**Work instructions:**
The required answer is the data below, restated word for word with images omitted.

**Exercise materials:**
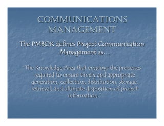 The document outlines the key aspects of communications management in project management as per the PMBOK, stressing the importance of effective communication to avoid project failures. It includes an analysis of communication planning, information distribution, performance reporting, and stakeholder management, highlighting the tools and techniques necessary for successful communication. It also emphasizes the need for feedback, technological adaptation, and regular lessons learned sessions to enhance future project efficiency.
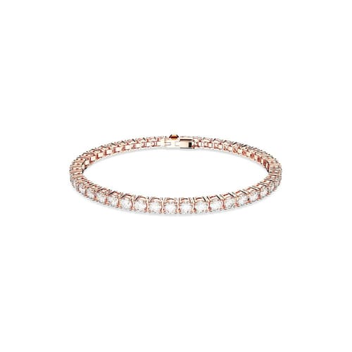 Swarovski Pulseira de tênis Matrix, Zircônia cúbica, Zircônia cúbica - Medidas: Comprimento 16 cm, Largura 1/20.3 cm - Um mundo de maravilhas o aguarda: envolva seu pulso em joias vibrantes com esta pulseira de tênis deslumbrante, com uma fileira de pedras redondas e transparentes em uma pulseira com acabamento em tom de ouro rosa, para um visual chique e elegante - Versátil e atraente: um design clássico e atemporal que combina cristais transparentes deslumbrantes que refletem lindamente a luz com metal brilhante com acabamento em tom de ouro rosa, para uma peça sedutora - Elegância sonhadora: use esta pulseira brilhante com outras peças da coleção Matrix Tennis ou apresente-a como um presente romântico para aquela pessoa especial em sua vida - Projetado para durar: as joias Swarovski mantêm seu brilho quando práticas de cuidados simples são observadas; remova antes de entrar em contato com água, loções ou perfumes e polir com um pano sem fiapos - Itens entregues: (1) Pulseira de tênis Swarovski Matrix com cristais redondos e transparentes em uma pulseira com acabamento em tom de ouro rosa, tamanho M, completa com caixa de pulseira Swarovski
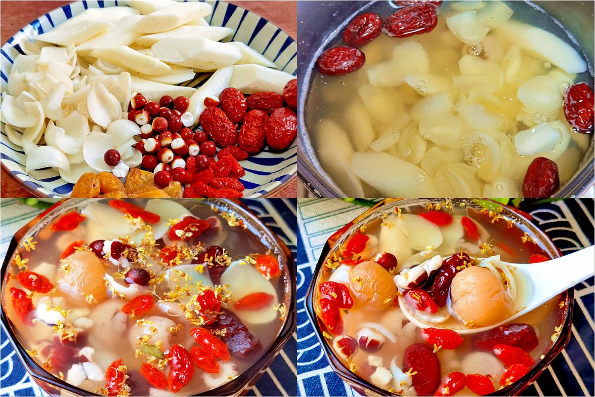 3. 加入足量的清水,大火燒開後,轉成小火,慢慢熬上30-40分鐘,直到所有食材的滋味都融到湯裏,口感軟糯。關火後,撒上一小把幹桂花,香氣“噌”地一下就出來了!
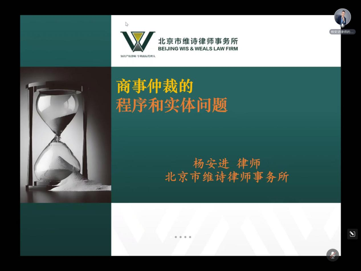 5月14日晚上,公司法律实务讲座“商事仲裁的程序与实体问题”在腾讯会议线上举行,此次学术活动由北京市维诗律师事务所执行合伙人杨安进主任讲授,公司王慧副教授主持,公司研究生与本科生100余人参加本次活动。
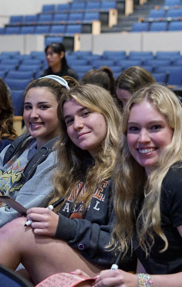 fostered laughter and created lasting memories. Activities like an intense game of Trinity Trivia ignited everyone’s competitive spirit, while Headmaster’s Day had both bigs and littles cheering each other on during the water-balloon toss. “The duck hunt was my favorite,” said Trinity Prep parent Bridget Hawley. “Seeing seniors let loose and enjoy themselves while creating those goofy photos—that’s where the magic happens.”

**Task answer:**
 The document outlines the key aspects of communications management in project management as per the PMBOK, stressing the importance of effective communication to avoid project failures. It includes an analysis of communication planning, information distribution, performance reporting, and stakeholder management, highlighting the tools and techniques necessary for successful communication. It also emphasizes the need for feedback, technological adaptation, and regular lessons learned sessions to enhance future project efficiency.
 Swarovski Pulseira de tênis Matrix, Zircônia cúbica, Zircônia cúbica - Medidas: Comprimento 16 cm, Largura 1/20.3 cm - Um mundo de maravilhas o aguarda: envolva seu pulso em joias vibrantes com esta pulseira de tênis deslumbrante, com uma fileira de pedras redondas e transparentes em uma pulseira com acabamento em tom de ouro rosa, para um visual chique e elegante - Versátil e atraente: um design clássico e atemporal que combina cristais transparentes deslumbrantes que refletem lindamente a luz com metal brilhante com acabamento em tom de ouro rosa, para uma peça sedutora - Elegância sonhadora: use esta pulseira brilhante com outras peças da coleção Matrix Tennis ou apresente-a como um presente romântico para aquela pessoa especial em sua vida - Projetado para durar: as joias Swarovski mantêm seu brilho quando práticas de cuidados simples são observadas; remova antes de entrar em contato com água, loções ou perfumes e polir com um pano sem fiapos - Itens entregues: (1) Pulseira de tênis Swarovski Matrix com cristais redondos e transparentes em uma pulseira com acabamento em tom de ouro rosa, tamanho M, completa com caixa de pulseira Swarovski
 3. 加入足量的清水,大火燒開後,轉成小火,慢慢熬上30-40分鐘,直到所有食材的滋味都融到湯裏,口感軟糯。關火後,撒上一小把幹桂花,香氣“噌”地一下就出來了!
 5月14日晚上,公司法律实务讲座“商事仲裁的程序与实体问题”在腾讯会议线上举行,此次学术活动由北京市维诗律师事务所执行合伙人杨安进主任讲授,公司王慧副教授主持,公司研究生与本科生100余人参加本次活动。
 fostered laughter and created lasting memories. Activities like an intense game of Trinity Trivia ignited everyone’s competitive spirit, while Headmaster’s Day had both bigs and littles cheering each other on during the water-balloon toss. “The duck hunt was my favorite,” said Trinity Prep parent Bridget Hawley. “Seeing seniors let loose and enjoy themselves while creating those goofy photos—that’s where the magic happens.”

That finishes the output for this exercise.